→ Prompt:
Your reply should hold every record exactly as given, with no pictures in it.

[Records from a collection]

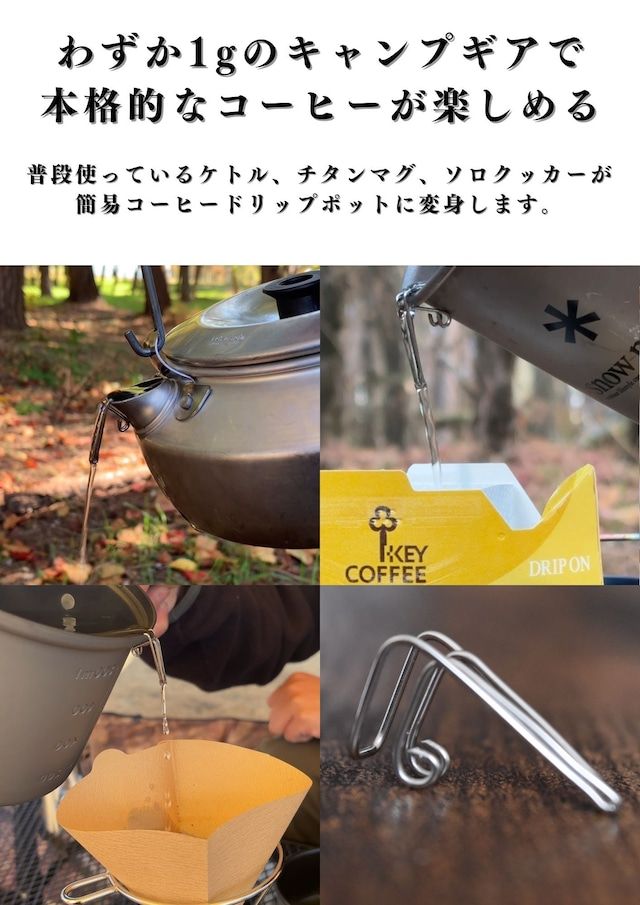 將您的日常水壺、鈦馬克杯或獨立炊具轉變為簡單的咖啡滴壺,減輕您的裝備的重量!
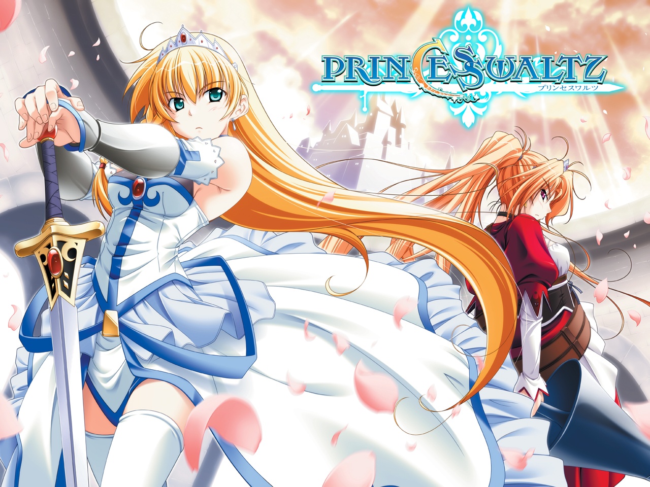 Description: A couple of anime characters standing next to each other in front of a sky background with clouds and stars.
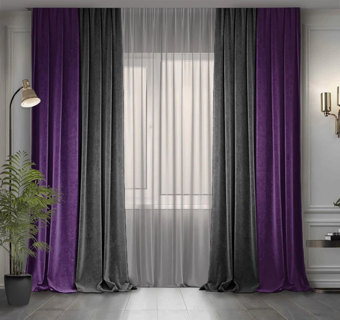 Комплект двоколірних штор Декор-Ін Мікровелюр 300x250 2 шт Світло-сірий з Фіолетовим (ROZ6400066686)
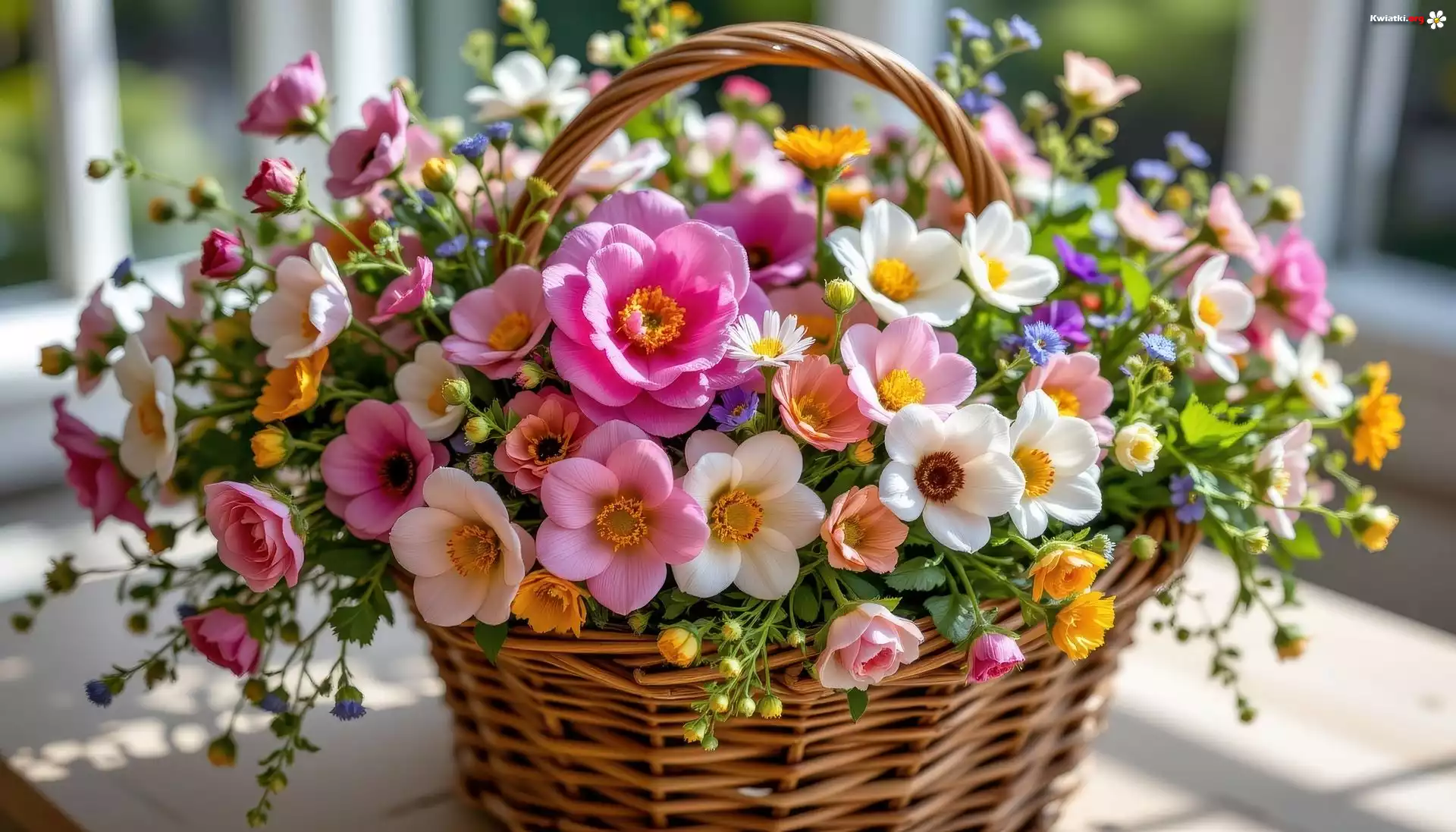 Kwiaty, Bukiet, Koszyk, Stół, Okno - Zdjęcia
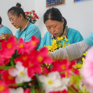 6月25日,在怀安县第六屯乡“妇女之家”,妇女们在加工制作手工花。
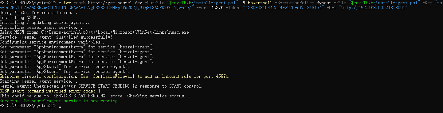 & iwr -useb https://get.beszel.dev -OutFile "$env:TEMP\install-agent.ps1"; & Powershell -ExecutionPolicy Bypass -File "$env:TEMP\install-agent.ps1" -Key "ssh-ed25519 AAAAC3NzaC1lZDI1NTE5AAAAIEVghS28S9ON4Ppffa2K2JgBiqSiSACPKk6GTYJwnfe/" -Port 45876 -Token "1380-d81b442ca4-2275-dfc4219154" -Url "http://192.168.50.213:8091"
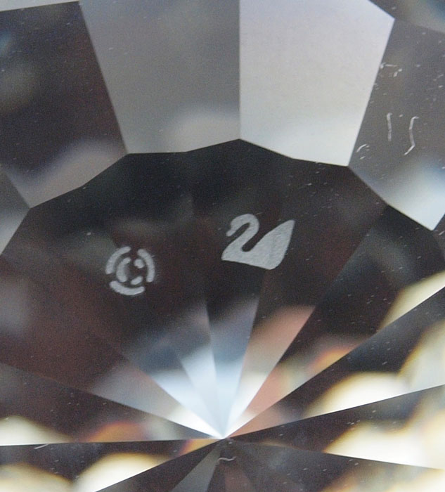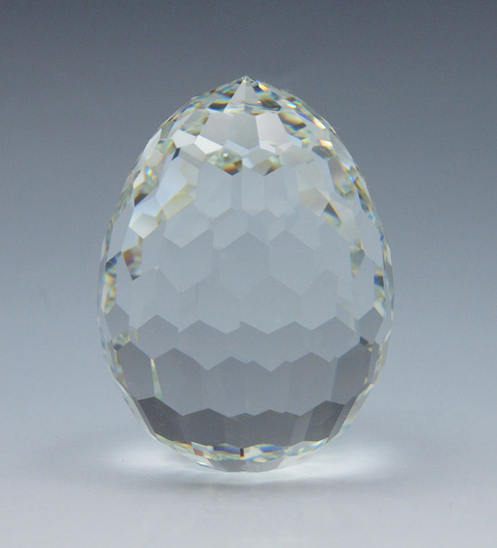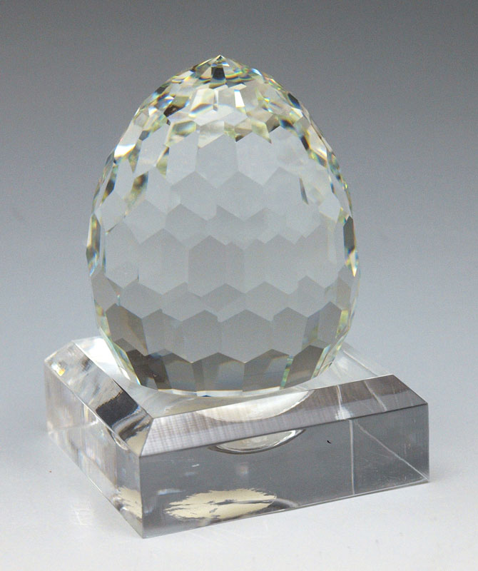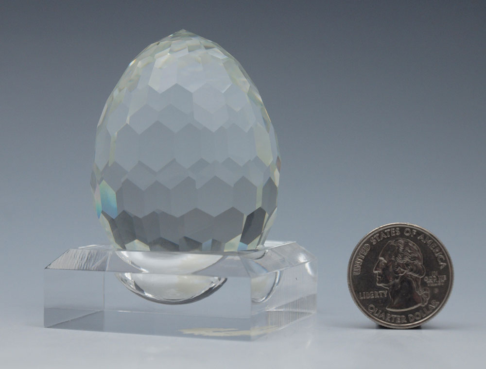 SWAROVSKI CRYSTAL EGG: Max Schreck designer, 1979, 2 3/8'' faceted egg, Swan mark, with Lucite stand.
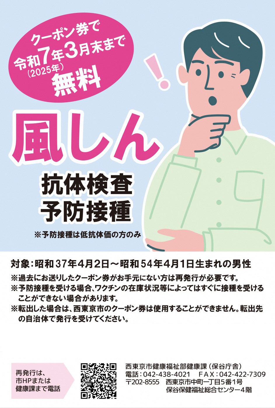 東京都西東京市 on X: "\令和7年3月31日まで風しん抗体検査・予防接種クーポン券を使用し、無料で抗体検査・予防接種が受けられます。 予防接種は、抗体検査の結果が低い方のみです。 ※過去にお送りしたクーポン券がお手元にない方は再発行が必要です。西。
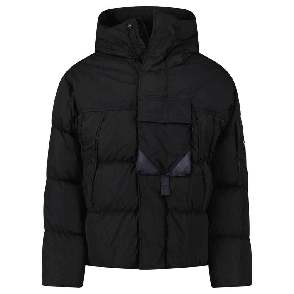 CP Company Eco-Chrome R Mixed Hooded Down Jacket in Black
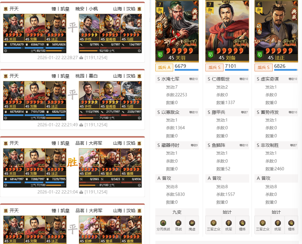 首先是大家最关心的,拒马弓鏖战13场打出天下无双,凭借着高统率和高回复,对皇马枪还是有不小的优势。SP曹操:桃园结义、雁行阵SP卢植:先登死士、草船借箭SP貂蝉:深藏若虚、戮力同心

→ Answer section:
 將您的日常水壺、鈦馬克杯或獨立炊具轉變為簡單的咖啡滴壺,減輕您的裝備的重量!
 Description: A couple of anime characters standing next to each other in front of a sky background with clouds and stars.
 Комплект двоколірних штор Декор-Ін Мікровелюр 300x250 2 шт Світло-сірий з Фіолетовим (ROZ6400066686)
 Kwiaty, Bukiet, Koszyk, Stół, Okno - Zdjęcia
 6月25日,在怀安县第六屯乡“妇女之家”,妇女们在加工制作手工花。
 & iwr -useb https://get.beszel.dev -OutFile "$env:TEMP\install-agent.ps1"; & Powershell -ExecutionPolicy Bypass -File "$env:TEMP\install-agent.ps1" -Key "ssh-ed25519 AAAAC3NzaC1lZDI1NTE5AAAAIEVghS28S9ON4Ppffa2K2JgBiqSiSACPKk6GTYJwnfe/" -Port 45876 -Token "1380-d81b442ca4-2275-dfc4219154" -Url "http://192.168.50.213:8091"
 SWAROVSKI CRYSTAL EGG: Max Schreck designer, 1979, 2 3/8'' faceted egg, Swan mark, with Lucite stand.
 東京都西東京市 on X: "\令和7年3月31日まで風しん抗体検査・予防接種クーポン券を使用し、無料で抗体検査・予防接種が受けられます。 予防接種は、抗体検査の結果が低い方のみです。 ※過去にお送りしたクーポン券がお手元にない方は再発行が必要です。西。
 CP Company Eco-Chrome R Mixed Hooded Down Jacket in Black
 首先是大家最关心的,拒马弓鏖战13场打出天下无双,凭借着高统率和高回复,对皇马枪还是有不小的优势。SP曹操:桃园结义、雁行阵SP卢植:先登死士、草船借箭SP貂蝉:深藏若虚、戮力同心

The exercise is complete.